Supply Of Intermediary Services

The Commissioner directs, under sections 20(7)(a) and 21(5)(a), that the document (generally known as a bordereau) issued by the intermediary to the insurer in respect of the supply of intermediary services does not have to contain the words “tax invoice”, “VAT invoice”, “invoice”, “credit note” or “debit note”, as the case may be, provided the bordereau reflects the other information required by sections 20(4) and 21(3) respectively.

Recipient-Created Tax Invoices, Credit and Debit Notes

An insurer that is required to determine the consideration payable in respect of intermediary services may, under sections 20(2) and 21(4), issue recipient-created tax invoices, and credit or debit notes in respect of the supply of intermediary services.

This approval is subject to –

  • the recipient-created tax invoice, credit or debit note complying with sections 20(4), (5), 21(3) or the special approval set out in 2.12, as applicable; and
  • the insurer complying with all other requirements listed in Interpretation Note No. 56 “Recipient-created tax invoices, credit and debit notes”.

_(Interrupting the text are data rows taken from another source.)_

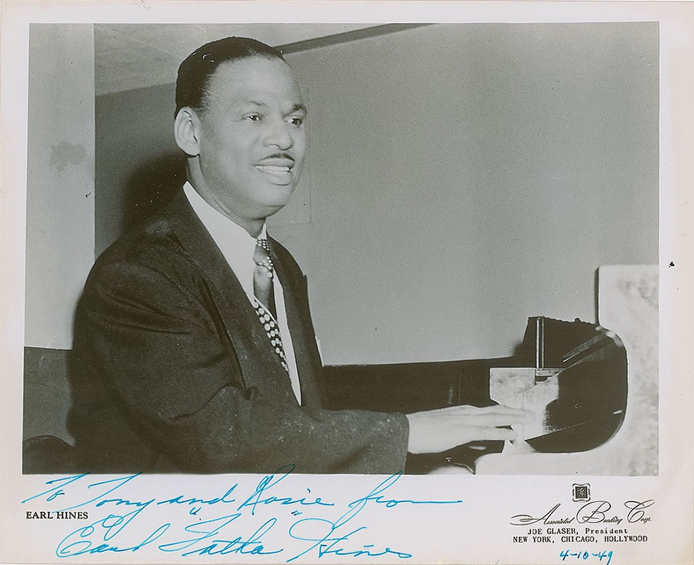 Vintage glossy 10 x 8 promotional photo of Hines smiling at his piano, signed and inscribed in blue ink, "To Tony and Rosie from Earl 'Fatha' Hines.” Collector's notation to lower border dates the signature to April 10, 1949. In fine condition.
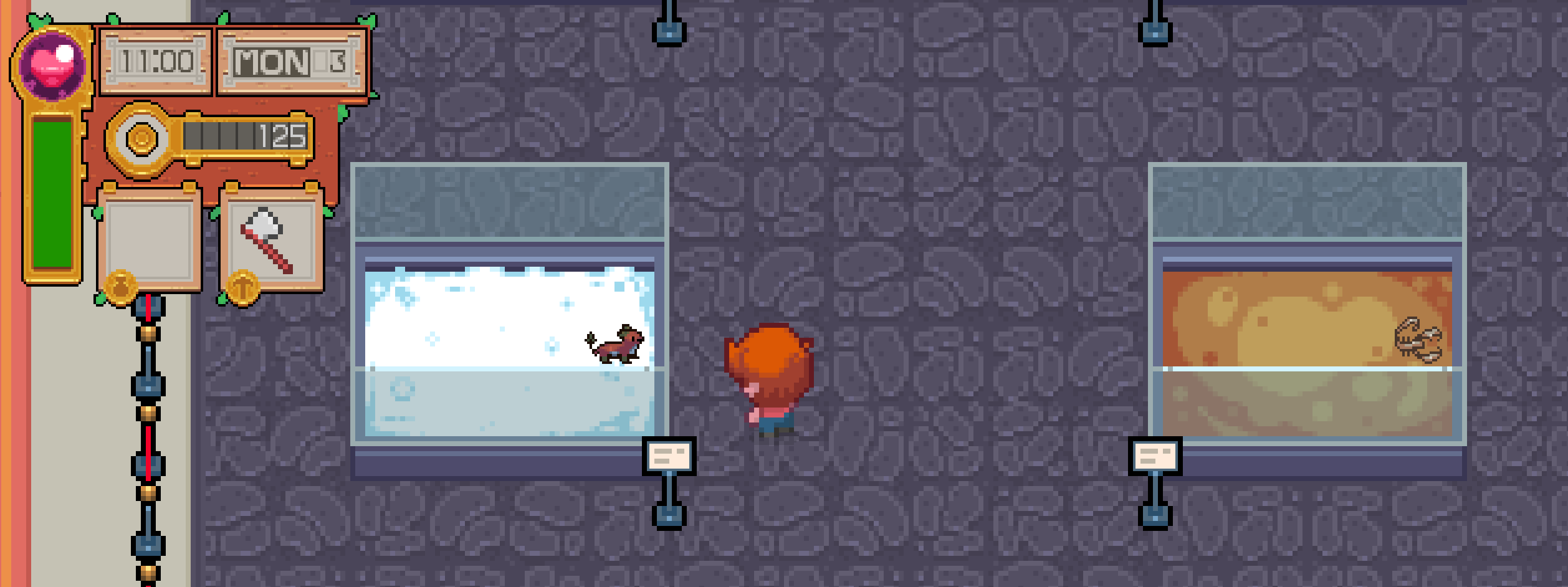 - A new upgradeable area in the town where you can create Hal’s research dream of an open space for wildlife - You’ll be able to donate creatures, or have them arrive naturally based on terrain - Small animal displays as a new creature type to collect (and a cage & baiting system to do so!) - Animal produce displays, museum-style - A tourism score that can help with costs, and attract new characters to Autumn
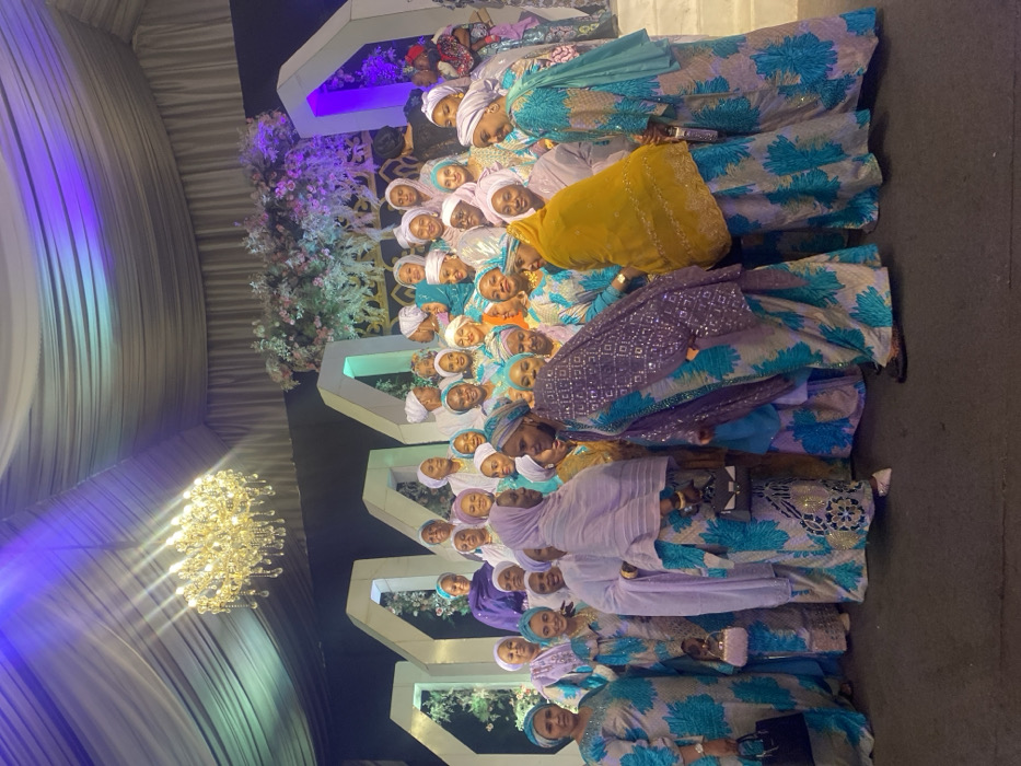 A large group of women, all wearing head coverings, pose for a picture indoors. Many wear outfits featuring a blue and teal floral pattern. Some are adorned in distinct coverings: one in a shimmery yellow, another in a patterned purple, and another in light purple. A chandelier hangs from the ceiling. Behind the group are decorative elements, including geometric shapes with embedded lighting and flower arrangements.
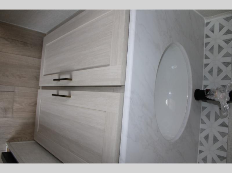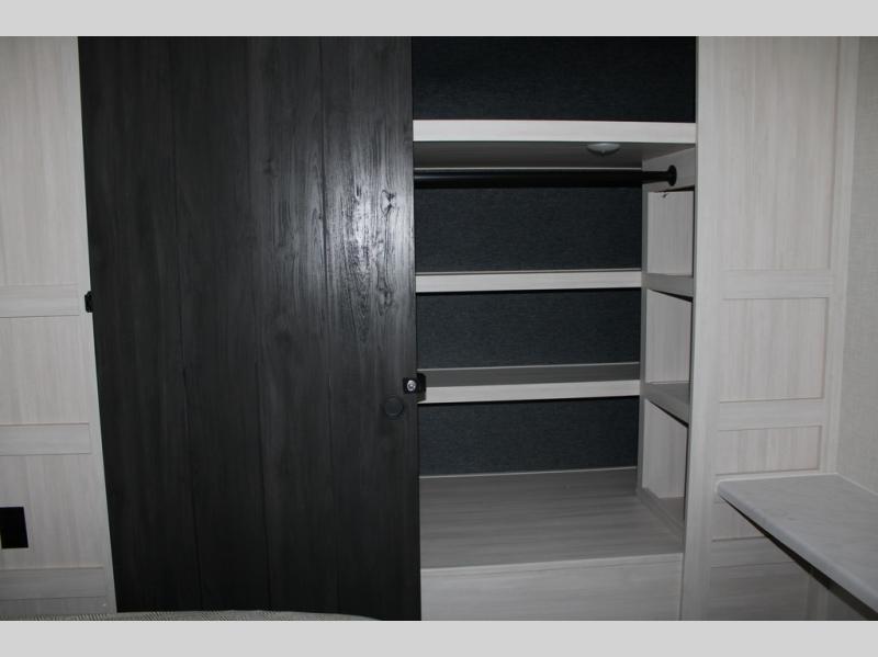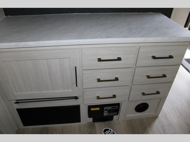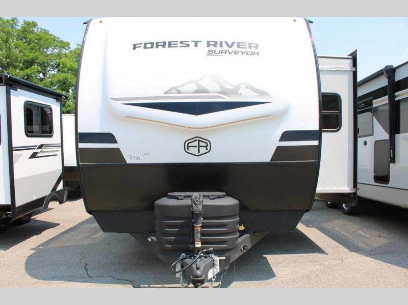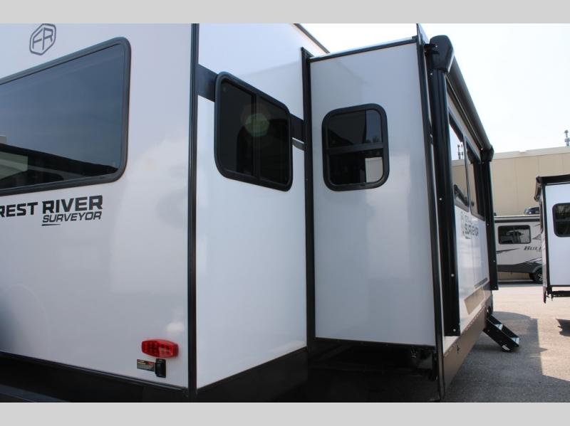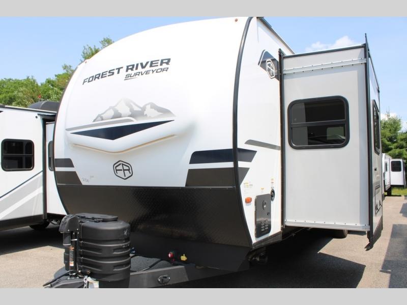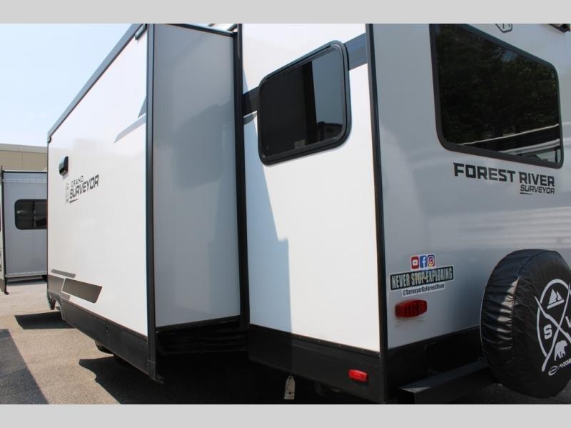 With any Grand Surveyor travel trailer by Forest River you will enjoy turn-key ready-to-go features and quality construction! Each model includes Azdel composite walls and a gel coated fiberglass front cap with an automotive style tinted windshield for a sleek look. There are friction hinge black glass entry door(s), an adjustable platform step with a night light, plus Goodyear tires and a power tongue jack for easy towing. The interior will have you feeling right at home with roller shades, residential faucets, sinks, and bathroom vanity, plus Surf(x) seamless countertops throughout. You can also plan for adventure with a 2" rear accessory and exterior spray port, and there are slam latch exterior baggage doors throughout to keep all your gear secure. Other stand-out features include a central vacuum system, a 200 watt solar panel with a 30 amp controller, a tankless water heater, carpet-free interiors, and the list goes on!

In addition, permission is granted under sections 20(7)(a) and 21(5)(a) that the bordereau issued by the insurer to the intermediary in respect of the supply of intermediary services does not have to contain the words “tax invoice”, “VAT invoice”, “invoice”, “credit note” or “debit note” (as the case may be).

Conclusion

As can be seen, the legislation governing the deduction of input VAT from short-term insurance payments can become very complex and extend further than simply having the correct supporting documents. It is therefore important to follow the guidelines set out in the VAT421 guide and the BGR 14.